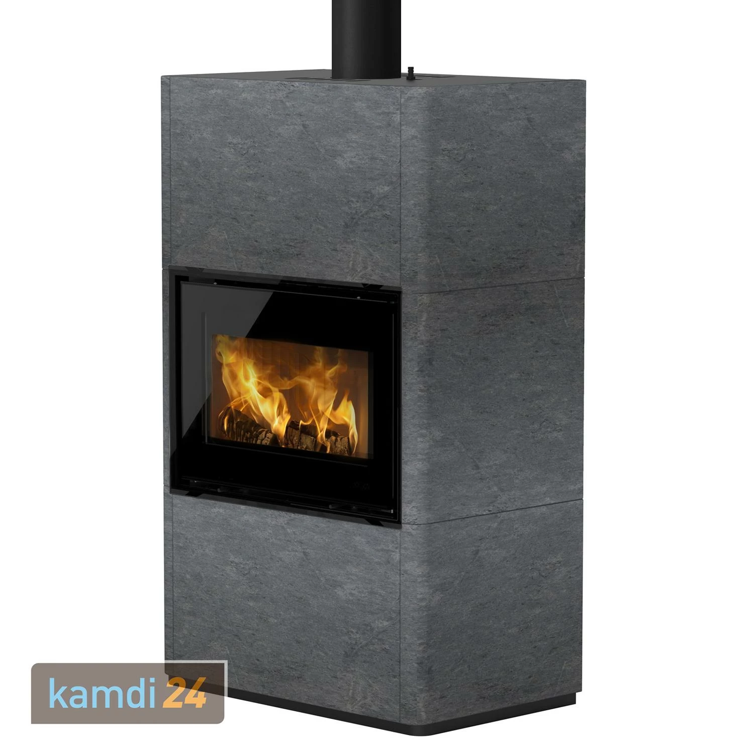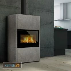 Die geradlinige Architektur macht es möglich, den Kaminofen in jeden modernen Raum zu integrieren. Diese Kamine sind in den Varianten Speckstein oder Beton in unserem kamdi24-Shop erhältlich.
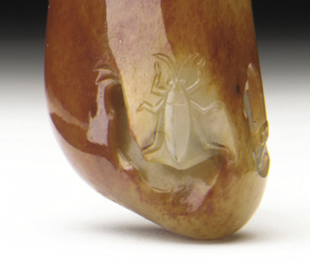 清代的艺术审美追求细腻、精致、富有情趣。和田玉温润细腻的质地, 为巧雕工艺提供了绝佳的载体。巧雕昆虫纹能够充分展现工匠的技艺, 通过巧妙利用玉料的颜色、纹理,雕刻出栩栩如生的昆虫形象, 体现了清代艺术对细节和创意的重视,符合当时社会的审美标准。
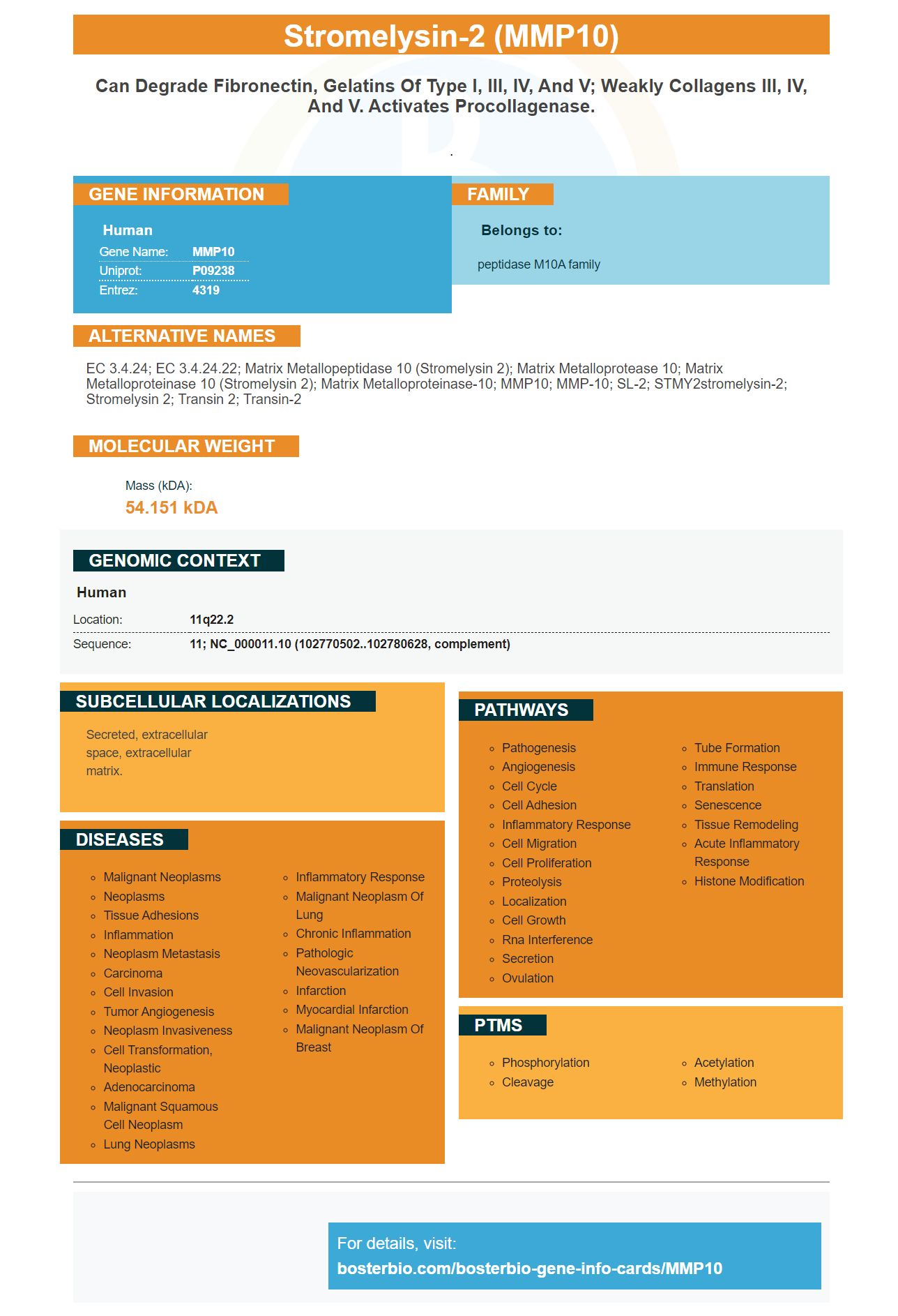 EC 3.4.24; EC 3.4.24.22; matrix metallopeptidase 10 (stromelysin 2); matrix metalloprotease 10; matrix metalloproteinase 10 (stromelysin 2); Matrix metalloproteinase-10; MMP10; MMP-10; SL-2; STMY2stromelysin-2; Stromelysin 2; transin 2; transin-2
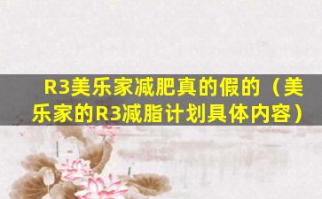 "R3美乐家"可能是指某种减肥产品或计划,但是没有足够的信息来确定具体是什么。在互联网上,有很多不同的减肥产品和计划,它们的效果和安全性各不相同。在考虑使用任何减肥产品或计划之前,建议您:

## Exercise objective
Return all the lines above exactly; none of the pictures should appear.

## Exercise output
 Die geradlinige Architektur macht es möglich, den Kaminofen in jeden modernen Raum zu integrieren. Diese Kamine sind in den Varianten Speckstein oder Beton in unserem kamdi24-Shop erhältlich.
 清代的艺术审美追求细腻、精致、富有情趣。和田玉温润细腻的质地, 为巧雕工艺提供了绝佳的载体。巧雕昆虫纹能够充分展现工匠的技艺, 通过巧妙利用玉料的颜色、纹理,雕刻出栩栩如生的昆虫形象, 体现了清代艺术对细节和创意的重视,符合当时社会的审美标准。
 EC 3.4.24; EC 3.4.24.22; matrix metallopeptidase 10 (stromelysin 2); matrix metalloprotease 10; matrix metalloproteinase 10 (stromelysin 2); Matrix metalloproteinase-10; MMP10; MMP-10; SL-2; STMY2stromelysin-2; Stromelysin 2; transin 2; transin-2
 "R3美乐家"可能是指某种减肥产品或计划,但是没有足够的信息来确定具体是什么。在互联网上,有很多不同的减肥产品和计划,它们的效果和安全性各不相同。在考虑使用任何减肥产品或计划之前,建议您:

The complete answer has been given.